- Sint Maarten
- Legal status: Legal
- Military: Yes
- Discrimination protections: Discrimination based on "heterosexual or homosexual orientation" prohibited

Family rights
- Recognition of relationships: Same-sex marriages performed in the Netherlands recognized
- Adoption: No

= LGBTQ rights in Sint Maarten =

Lesbian, gay, bisexual, transgender and queer (LGBTQ) people in Sint Maarten may face legal challenges not experienced by non-LGBTQ residents. Both male and female same-sex sexual activity are legal in Sint Maarten, a constituent country of the Kingdom of the Netherlands, but same-sex marriage is not legal. Same-sex couples with Dutch nationality may travel to other countries in the Kingdom of the Netherlands to get married, but that will not provide the rights of marriage in Sint Maarten.

==Law regarding same-sex sexual activity==
Same-sex sexual activity is legal in Sint Maarten. The age of consent is 15 and is equal for both heterosexual and homosexual intercourse.

==Recognition of same-sex relationships==

As part of the Kingdom of the Netherlands, Sint Maarten must recognize as valid same-sex marriages registered in the Netherlands (including Bonaire, Sint Eustatius and Saba). Same-sex couples cannot legally marry on the island, however.

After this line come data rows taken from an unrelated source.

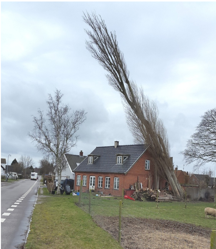
Heldigvis kom ingen til skade - hverken indenfor eller udenfor huset i Udbyvej 27. Kun husets skorsten og bagside af taget var beskadigede.
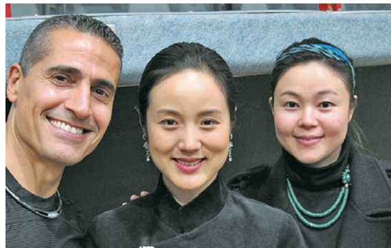
עם הזמרת חה-חוי מסין חה חוי שרה בטכס הפתיחה באולימפיאדת ביגין, וחברתה

אבל גולת הכותרת של הפעילות השנתית, הינה "קמפ בתנועה - פסטיבל ריקודי העם של ישראל" שהוא מקיים מדי שנה במשך 4 ימים באילת. השנה השתתפו בקמפ
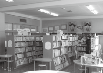
学校司書の配置が望まれる学校図書館

問 まちの駅「うめであす」が平成22年4月に開設され、4月で4年目となります。この施設を拠点に既存の施設、店舗等と「まちの駅ネットワーク」をつくり、おもてなしの向上を図るとしていましたが、進んでいない。今後どうするのか。
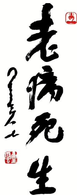
大師一筆字書法 「老病死生」

佛教裡有一句經常勸導世人的話說：「人生是苦。」說明這世間有二苦、三苦、四苦、八苦、無量諸苦等。尤其四苦「生老病死」是人們最常面對的現實。
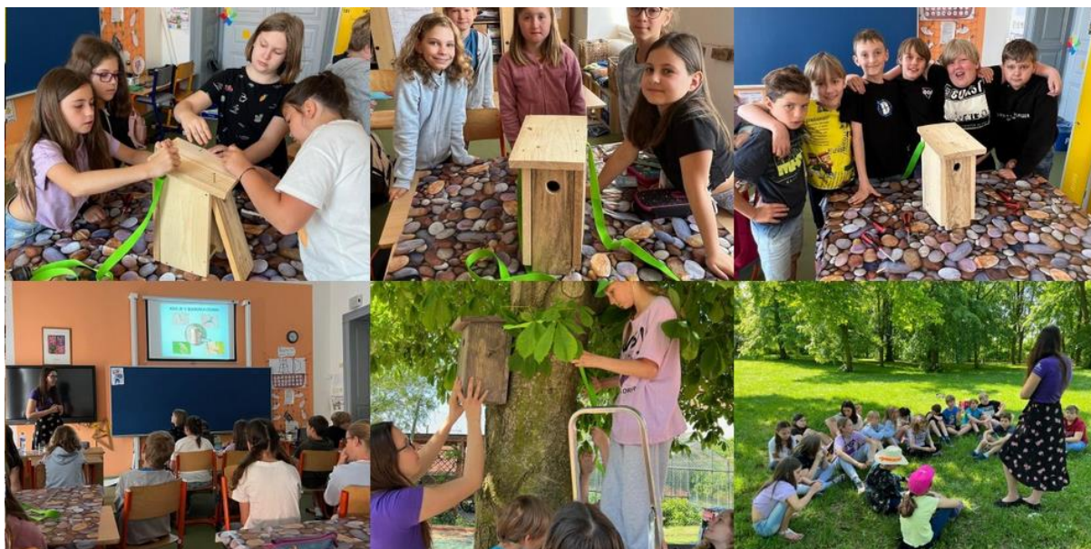
Projekt ptačí budky

Vyučující zařazují do výuky miniprojekty na různá aktuální a zajímavá témata, v některých třídách 1. stupně jsou realizována centra aktivit. Školní žákovský parlament organizuje tematické dny a projektové dny.
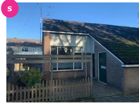
Markhorst 85 t/m 99
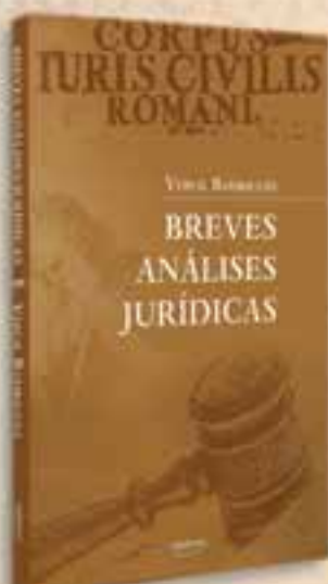
BREVES ANÁLISES JURÍDICAS
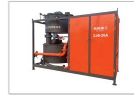
ZJB-20A自流平搅拌输送泵 ZJB-20A Self leveling conveying pump
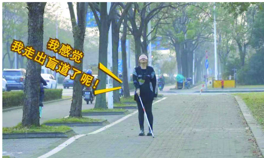
检察官蒙眼体验盲道行走
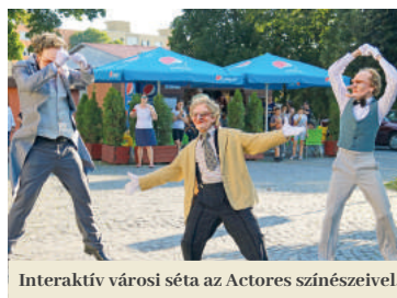
Interaktív városi séta az Actores színészeivel.
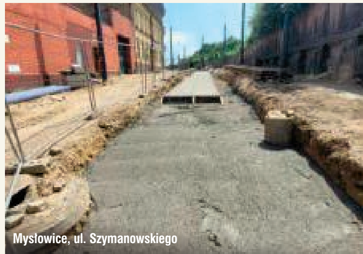
Mysłowice, ul. Szymanowskiego
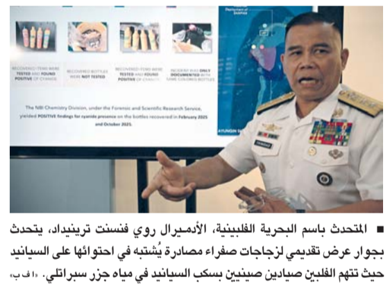
■ المتحدث باسم البحرية الفلبينية، الأدميرال روي فنست ترينيداد، يتحدث بجوار عرض تقديمي لزيارات صفراء مصادرة يُشبهه في احتوائها على السيناريو حيث تهجم الفلبين صيادين صينيين بسكب السيناريو في مياه جزر سبراتلي.

٤. بكين. د.ب.أ: صرح المتحدث باسم قيادة المسرح الجنوبي لجيش التحرير الشعبي الصيني تشاي شي تشن بأن القوات البحرية التابعة للقيادة أجرت دوريات روتينية في الفترة من ٩ إلى ١٢ أبريل في بحر الصين الجنوبي. وقال تشاي إن الفلبين حشدت دولا من خارج المنطقة للقيام بما يسمى «دوريات مشتركة»، مما أثار المشاكل في بحر الصين الجنوبي وقوض السلام والاستقرار في المنطقة، وفقا لوكالة الأنباء شينخوا الصينية. وشدد على أن قوات القيادة ستعمل بحزم على حماية سيادة الصين الإقليمية وحقوقها ومصالحها البحرية. وستحافظ بقوة على السلام والاستقرار الإقليميين.
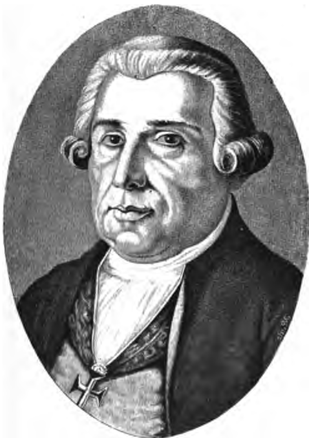
JOAQUIM MACHADO DE CASTRO
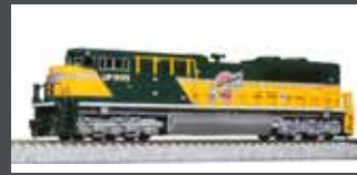
K1768407 DIESELLOK EMD SD70ACE UP/CNW HERITAGE EP.6
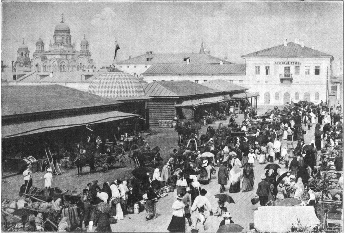
Irkutsk: Marktstraße, im Hintergrund die Kathedrale.

kann, was überhaupt denkbar ist — ähnlich wie in den großen Warenhäusern der europäischen und amerikanischen Großstädte. Es wäre unmöglich, daß selbst in den größeren Städten mehrere derartige Geschäfte existierten, würden nicht die Ladenhüter ihren Weg in ähnliche Filialen der kleinern Städte und von da in die Dörfer finden, während der Rest schließlich an Lohnes Statt an die Minenarbeiter und Chinesen gelangt.
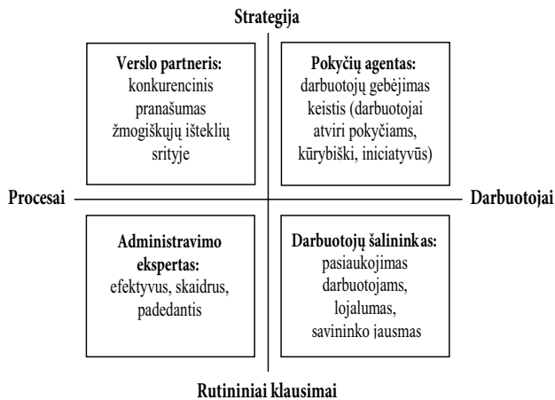
1 pav. D. Ulricho kvadratas (Ulrich, Brockbank 2007)
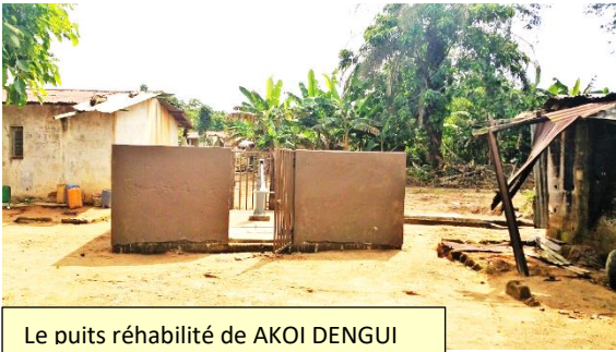
Le puits réhabilité de AKOI DENGUI
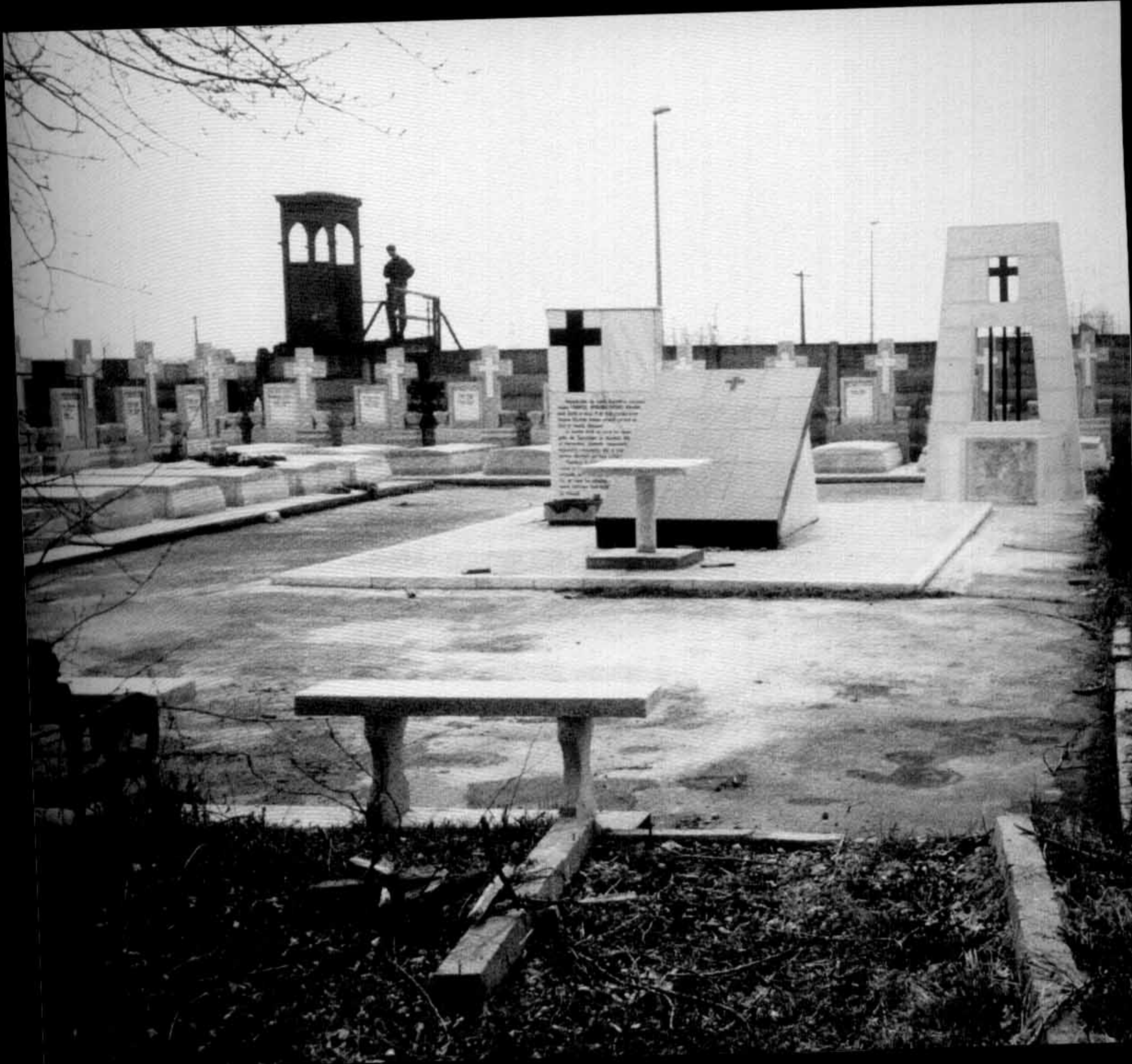
Memorialul de la Sibiu

In April 2015, representatives of all four constituent countries agreed that same-sex couples should have equal rights throughout the Kingdom.

In August 2015, in the case of Oliari and Others v Italy, the European Court of Human Rights (ECHR) ruled that it is discriminatory to provide no legal recognition to same-sex couples. The ECHR has jurisprudence over Sint Maarten.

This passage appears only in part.